* [EXERCISE] Please keep pictures out and return the lines below exactly, from the one holding "La Brass Academy" through the last, both included.

* [MATERIAL FOR THIS EXERCISE]
☆ ☆ ☆ ☆
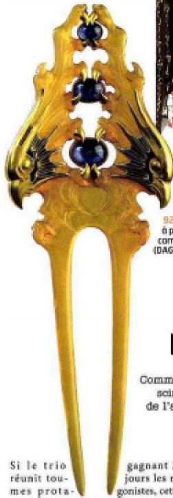
92 500 € René Lalique, peigne à profils de rapaces, v. 1900, corne, émail, or, H. 16,5 cm (DAGUERRE, Paris, 14 juin).
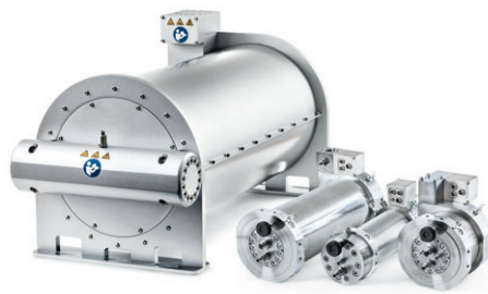
IAV Cross Injection Analyzer

IAV Dragon verbindet Fahrzeuge mit dem Internet der Dinge und modernen Fahrerassistenzsystemen. Es ist ein skalierbares Steuergerät für Prototypen und Kleinserien im Pkw- und Nfz-Bereich.
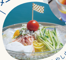
牛窓しらすの冷やし中華
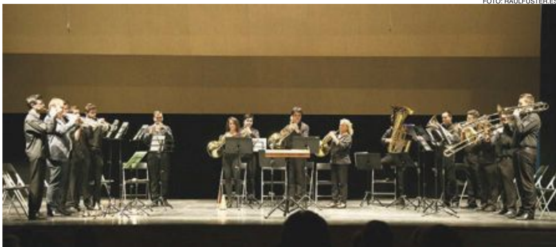
La Brass Academy Alicante actuó el domingo 27 de abril en el Auditorio de Castalla
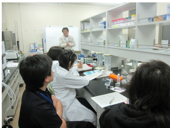
パックテストについて説明を受けます
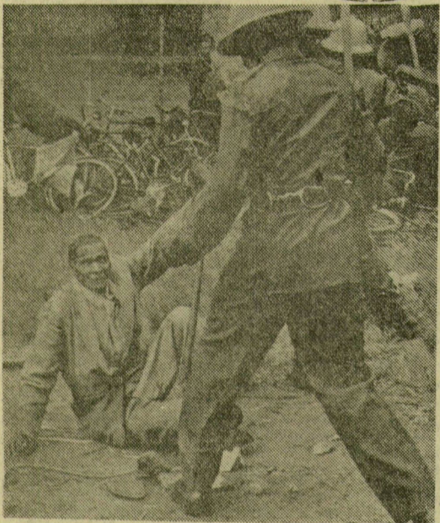
Pillanatkép a Dél-afrikai Köztársaságból. Az ENSZ Biztonsági Tanácsa már kétszer hozott határozatot a dél-afrikai fajüldözés beszüntetésére, s az első eredmény: a Verwoerd-kormány pénteken nem merete halálra ítélni Mandelát és társait.
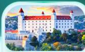
ปราสาทบราติสลาวา

เที่ยวชมเมืองอัลสตัดท์ หมู่บ้านริบทะเลสาบสวยที่สุดในโลก พระราชวังเซินบรุนน์ เมืองลินซ์ จิตรกรรมฝาผนังยักษ์ สัมผัสเมืองมรดกโลก เซสท์ ครุมลอฟ เยี่ยมชมปราสาทปราก ถนนทองคำ เช็กอินสถานที่ชื่อดัง! ปราสาทบราติสลาวา ส่องเรือชมความงามแม่น้ำดานูบ แม่น้ำที่ยาวที่สุดในยุโรป ชมความน่าหลงใหลของ ปราสาทบูคาเปสต์ สะพานชาร์ลส์
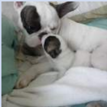
Poesia e Anja
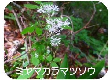
ミヤマカラマツノウ
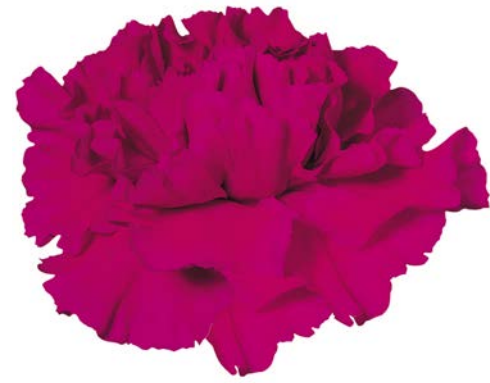
TICO TICO VIOLA
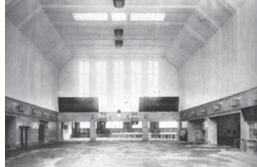
コンクリート造りの新駅舎は、高い吹き抜けが特徴でした。⑧
☆ ☆ ☆ ☆
* [THE ANSWER]
La Brass Academy Alicante actuó el domingo 27 de abril en el Auditorio de Castalla
パックテストについて説明を受けます
Pillanatkép a Dél-afrikai Köztársaságból. Az ENSZ Biztonsági Tanácsa már kétszer hozott határozatot a dél-afrikai fajüldözés beszüntetésére, s az első eredmény: a Verwoerd-kormány pénteken nem merete halálra ítélni Mandelát és társait.
ปราสาทบราติสลาวา

เที่ยวชมเมืองอัลสตัดท์ หมู่บ้านริบทะเลสาบสวยที่สุดในโลก พระราชวังเซินบรุนน์ เมืองลินซ์ จิตรกรรมฝาผนังยักษ์ สัมผัสเมืองมรดกโลก เซสท์ ครุมลอฟ เยี่ยมชมปราสาทปราก ถนนทองคำ เช็กอินสถานที่ชื่อดัง! ปราสาทบราติสลาวา ส่องเรือชมความงามแม่น้ำดานูบ แม่น้ำที่ยาวที่สุดในยุโรป ชมความน่าหลงใหลของ ปราสาทบูคาเปสต์ สะพานชาร์ลส์
Poesia e Anja
ミヤマカラマツノウ
TICO TICO VIOLA
コンクリート造りの新駅舎は、高い吹き抜けが特徴でした。⑧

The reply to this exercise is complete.